Survey participants can be divided into two groups, eligible or ineligible for sputum examination. Individuals who were ineligible for sputum examination are assumed not to have pulmonary TB, unless they had a normal field chest X-ray reading but an abnormal central chest X-ray reading. For those eligible for sputum examination (N6 in Figure 4, and additionally individuals with a normal field chest X-ray reading but abnormal central chest X-ray reading), multiple imputation is used to fill in missing data, in exactly the same way as described for Method 2 above (including using the same variables in the imputation models). Each of the imputed datasets is then combined with the data on individuals who were ineligible for sputum examination, to give (for example) 20 imputed datasets that include all individuals who participated fully in the survey.
For each imputed dataset, a point estimate and 95% CI for population pulmonary TB prevalence is then calculated, using logistic regression with robust standard errors and weights. Weights are calculated for each combination of cluster, age group, and sex. This is done by a) counting the number of eligible individuals in each combination of cluster, age group, and sex (Nijk, for cluster i, age group j, sex k) and b) counting the number of survey participants in each combination of cluster, age group, and sex (nijk). The weight for each individual is then equal to Nijk / nijk, for the particular combination of cluster/age group/sex that they are in, with nijk / Nijk being the probability that the sampled individual participates in the survey – hence the name “inverse probability weighting”. It is essential to include either the weights or the covariates that predict the weights in the imputation model . We include age group, sex, and stratum (area of residence) in all imputation models. An average of the estimates of pulmonary TB prevalence from each of the imputed datasets is then calculated, together with a 95% CI. In Stata, this can be done using the mim and svy commands.

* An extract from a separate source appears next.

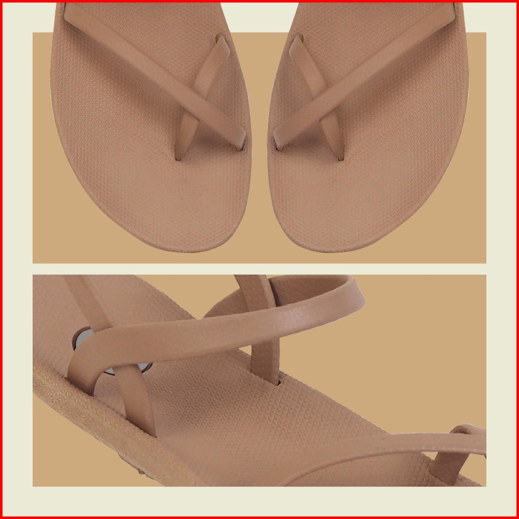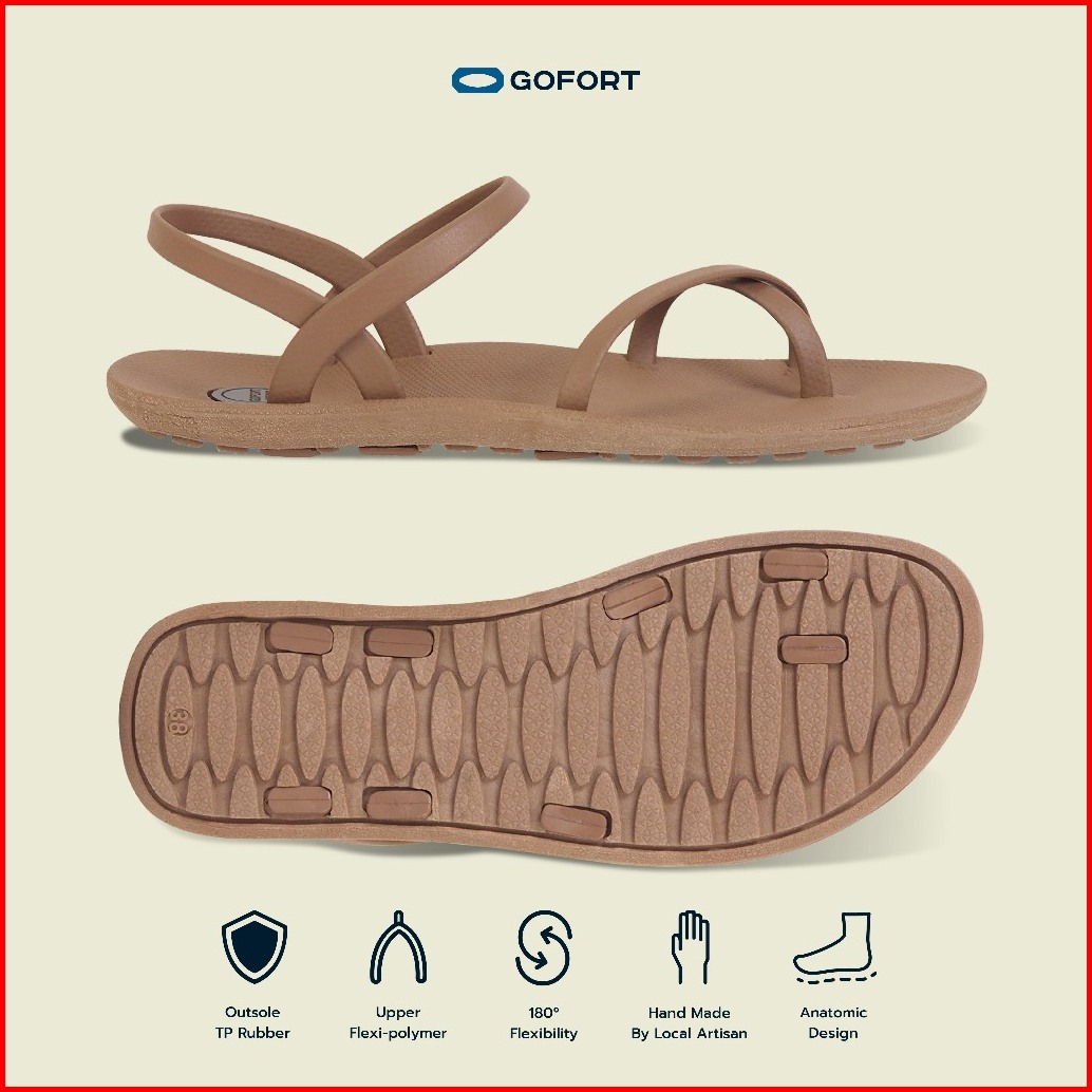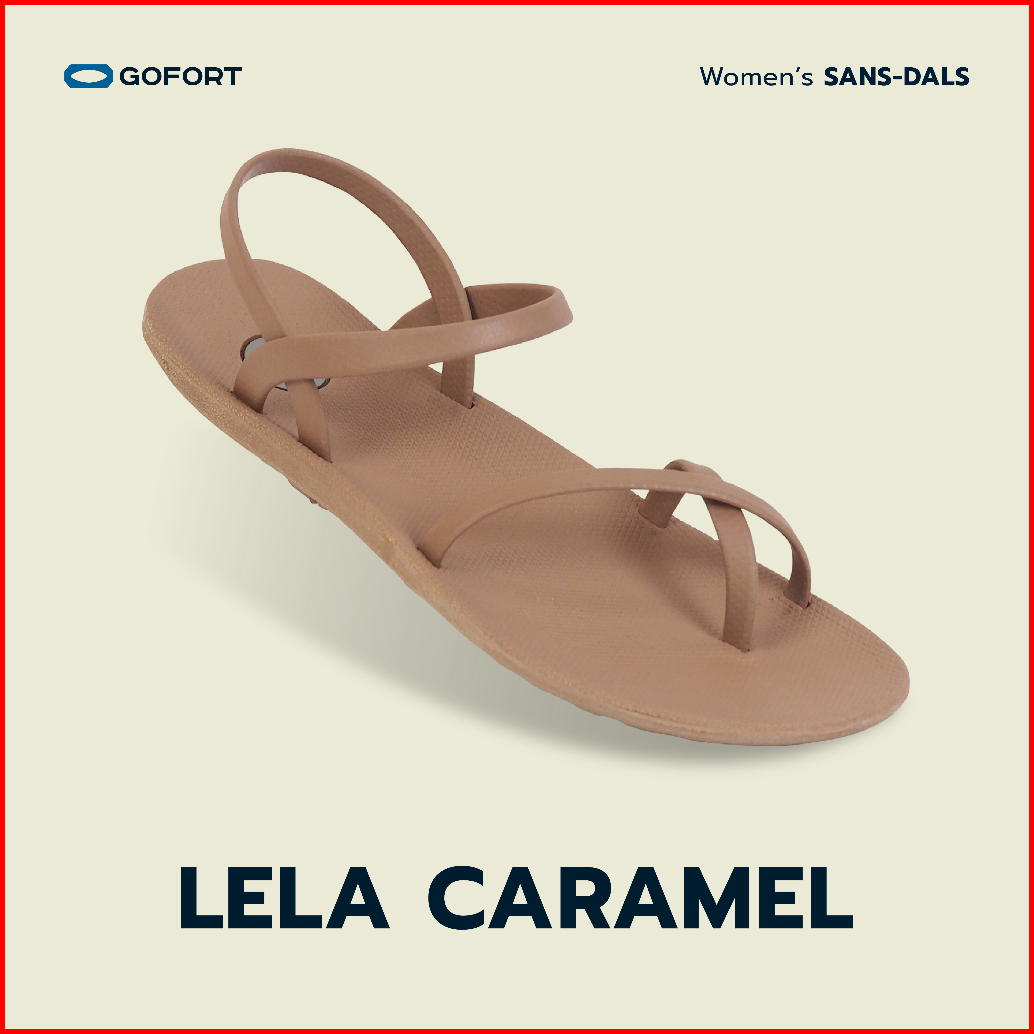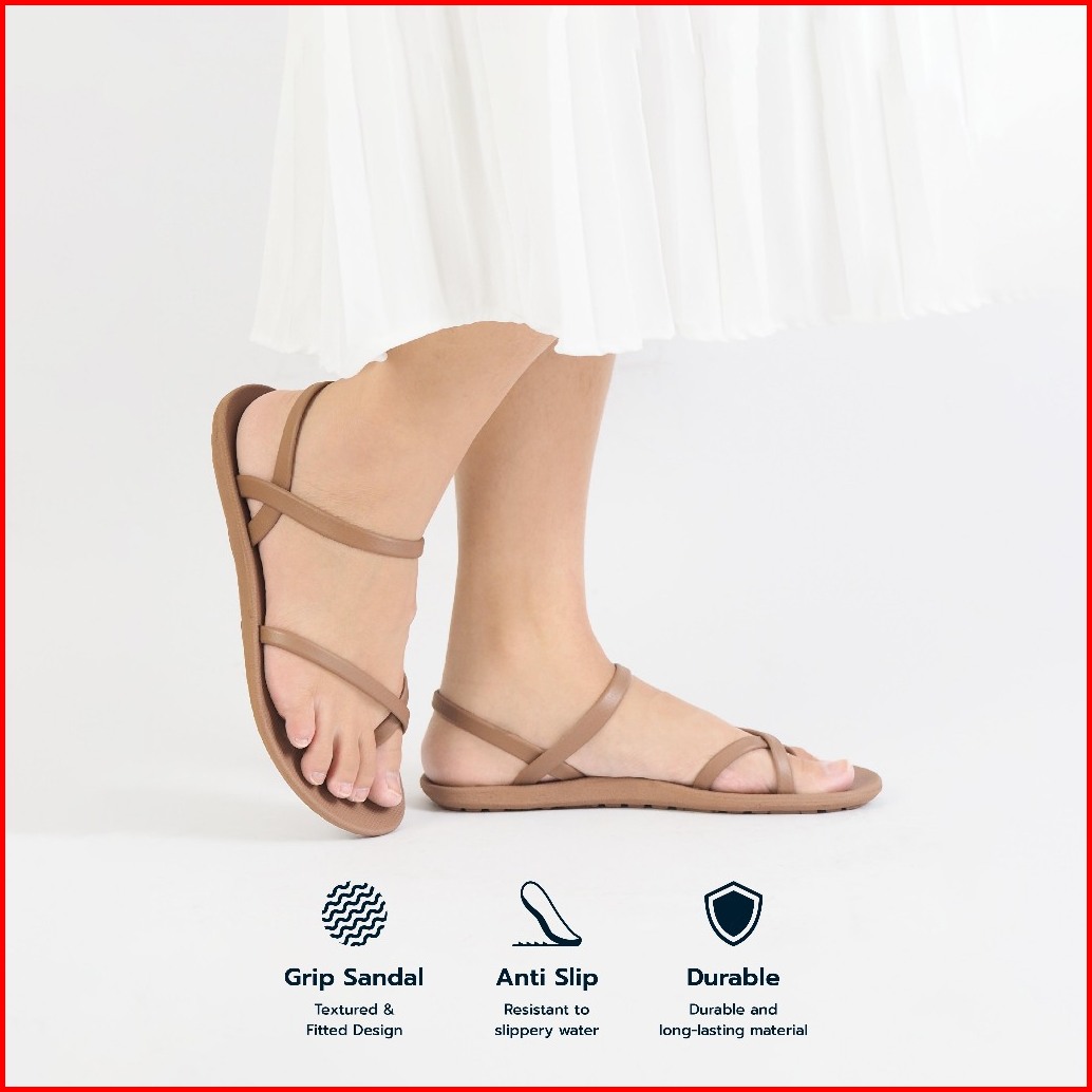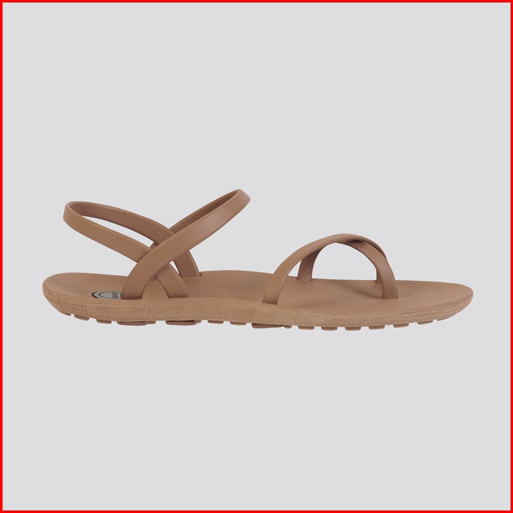 Gofort Lela Caramel Sandal Karet Wanita Flat Tali Silang Slip On Casual Ringan Nyaman Kekinian

An advantage of using IPW combined with MI, rather than just MI, is that it is relatively simple and transparent to calculate the probability of survey participation by cluster, age group and sex, compared with adjusting for non-participation through the use of a multivariable imputation model [17, 24]. However, an important assumption remains, which is that after post-stratifying on cluster, age, and sex, the prevalence of pulmonary TB is the same in survey participants and non-participants.